A report by Vice correspondent Elle Reeve, who spent considerable time with leaders of the white supremacist movement, including a particularly glib one named Christopher Cantwell, it's riveting, and sometimes, repulsive. And that's even before we get to the video of the car that killed 32-year-old Heather Heyer on Saturday as an Ohio man drove it into a crowd of counterprotesters. Or to Cantwell's complaint that because the victims, whom he described as "stupid animals," "couldn't just get out of the way of the car … some people got hurt."

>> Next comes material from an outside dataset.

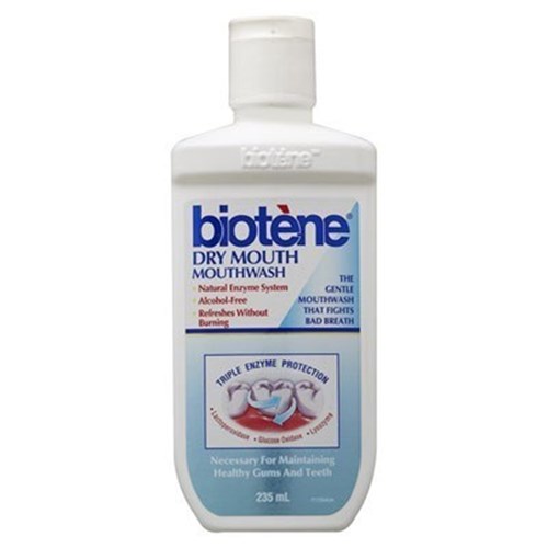 Biotène® Dry Mouth Oral Rinse is specially formulated to provide immediate Dry Mouth symptom relief that lasts for up to 4 hours while it freshens your breath.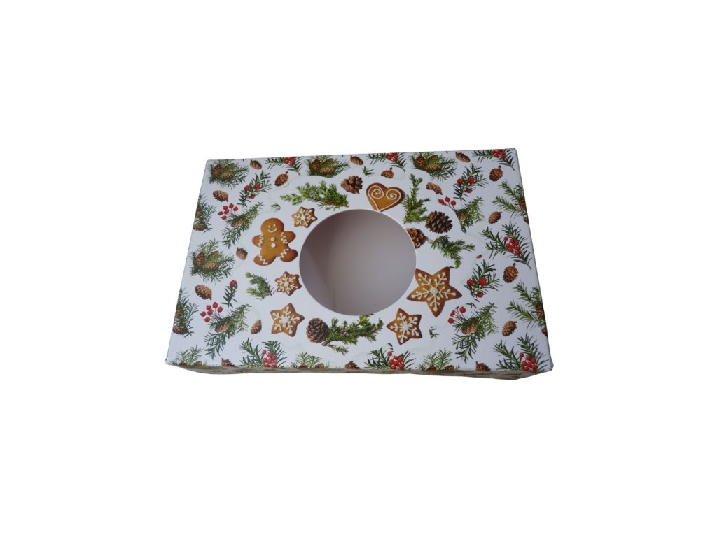 Papírová krabička s průhledným okénkem na cukroví s vánočním motivem.

HBO's decision to put the entire report online immediately after Monday's show, outside the usual paywall, helped drive 27 million viewers to "Charlottesville: Race and Terror" by 3:30 p.m.Wednesday, according to an HBO spokesman, who said the number was still climbing.
More than 24 million of those views had come through Facebook and more than 2.4 million through YouTube. Monday's was also the second-most-watched episode for Vice News Tonight in that 7:30 p.m. time slot, with 488,000 viewers, a number pushed higher that same night — to a total of 540,000 — by those watching on mobile platforms HBO Go and HBO Now, the spokesman said. In addition, Vice News' website has recorded 170,000 video views and 1.2 million page views for the story.
About now, NBC News' Megyn Kelly may be wondering why she took such heat for giving Sandy Hook denier Alex Jones a platform on her Sunday night magazine show, especially as she'd pushed back harder against Jones than Vice's Reeve may appear at first to be doing against Cantwell.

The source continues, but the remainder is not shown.